▶ [Exercise goal]: What you return must be the full data, repeated verbatim, with no pictures in it.

▶ [The data]:
[Start of section]
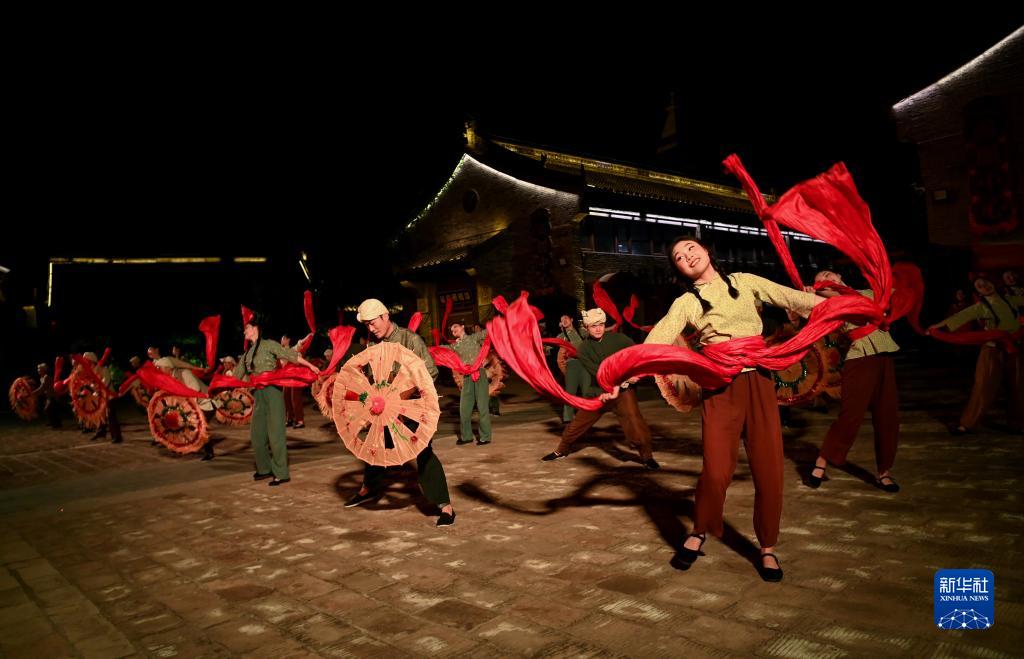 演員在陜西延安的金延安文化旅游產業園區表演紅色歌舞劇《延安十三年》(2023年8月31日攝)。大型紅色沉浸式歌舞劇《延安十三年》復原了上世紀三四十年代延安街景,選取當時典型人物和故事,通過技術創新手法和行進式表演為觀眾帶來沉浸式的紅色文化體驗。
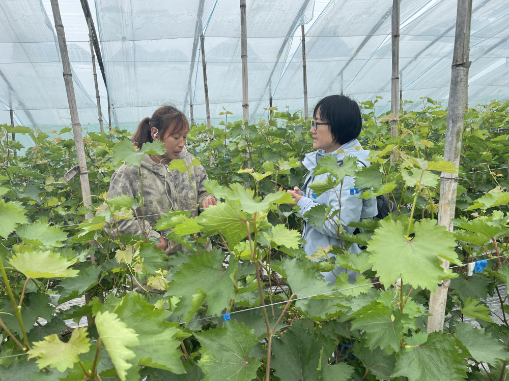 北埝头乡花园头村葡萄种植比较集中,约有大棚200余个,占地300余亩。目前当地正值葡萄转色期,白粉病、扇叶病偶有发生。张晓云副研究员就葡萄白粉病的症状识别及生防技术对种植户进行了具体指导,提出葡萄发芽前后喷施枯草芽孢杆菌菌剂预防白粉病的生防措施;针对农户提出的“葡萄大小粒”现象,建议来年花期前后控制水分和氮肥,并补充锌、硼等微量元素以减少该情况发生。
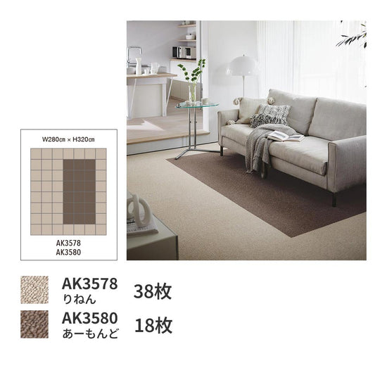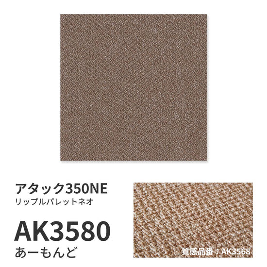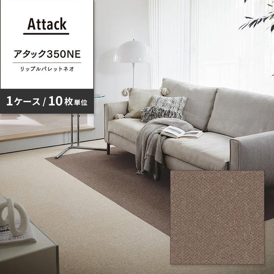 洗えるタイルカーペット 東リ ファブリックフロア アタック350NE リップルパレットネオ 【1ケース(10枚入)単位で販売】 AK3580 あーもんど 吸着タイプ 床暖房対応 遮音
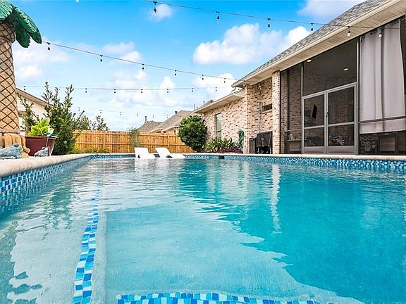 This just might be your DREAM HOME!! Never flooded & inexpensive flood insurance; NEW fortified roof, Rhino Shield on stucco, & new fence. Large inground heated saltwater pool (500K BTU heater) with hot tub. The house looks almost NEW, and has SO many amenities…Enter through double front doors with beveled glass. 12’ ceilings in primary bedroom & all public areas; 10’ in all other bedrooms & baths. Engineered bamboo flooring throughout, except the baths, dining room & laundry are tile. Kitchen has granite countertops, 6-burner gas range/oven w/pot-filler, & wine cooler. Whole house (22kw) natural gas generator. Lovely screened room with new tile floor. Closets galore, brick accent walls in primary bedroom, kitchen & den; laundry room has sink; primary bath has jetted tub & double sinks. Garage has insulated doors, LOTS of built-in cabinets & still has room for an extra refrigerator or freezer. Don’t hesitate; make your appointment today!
[End of section]
▶ [Answer section]:
 演員在陜西延安的金延安文化旅游產業園區表演紅色歌舞劇《延安十三年》(2023年8月31日攝)。大型紅色沉浸式歌舞劇《延安十三年》復原了上世紀三四十年代延安街景,選取當時典型人物和故事,通過技術創新手法和行進式表演為觀眾帶來沉浸式的紅色文化體驗。
 北埝头乡花园头村葡萄种植比较集中,约有大棚200余个,占地300余亩。目前当地正值葡萄转色期,白粉病、扇叶病偶有发生。张晓云副研究员就葡萄白粉病的症状识别及生防技术对种植户进行了具体指导,提出葡萄发芽前后喷施枯草芽孢杆菌菌剂预防白粉病的生防措施;针对农户提出的“葡萄大小粒”现象,建议来年花期前后控制水分和氮肥,并补充锌、硼等微量元素以减少该情况发生。
 洗えるタイルカーペット 東リ ファブリックフロア アタック350NE リップルパレットネオ 【1ケース(10枚入)単位で販売】 AK3580 あーもんど 吸着タイプ 床暖房対応 遮音
 This just might be your DREAM HOME!! Never flooded & inexpensive flood insurance; NEW fortified roof, Rhino Shield on stucco, & new fence. Large inground heated saltwater pool (500K BTU heater) with hot tub. The house looks almost NEW, and has SO many amenities…Enter through double front doors with beveled glass. 12’ ceilings in primary bedroom & all public areas; 10’ in all other bedrooms & baths. Engineered bamboo flooring throughout, except the baths, dining room & laundry are tile. Kitchen has granite countertops, 6-burner gas range/oven w/pot-filler, & wine cooler. Whole house (22kw) natural gas generator. Lovely screened room with new tile floor. Closets galore, brick accent walls in primary bedroom, kitchen & den; laundry room has sink; primary bath has jetted tub & double sinks. Garage has insulated doors, LOTS of built-in cabinets & still has room for an extra refrigerator or freezer. Don’t hesitate; make your appointment today!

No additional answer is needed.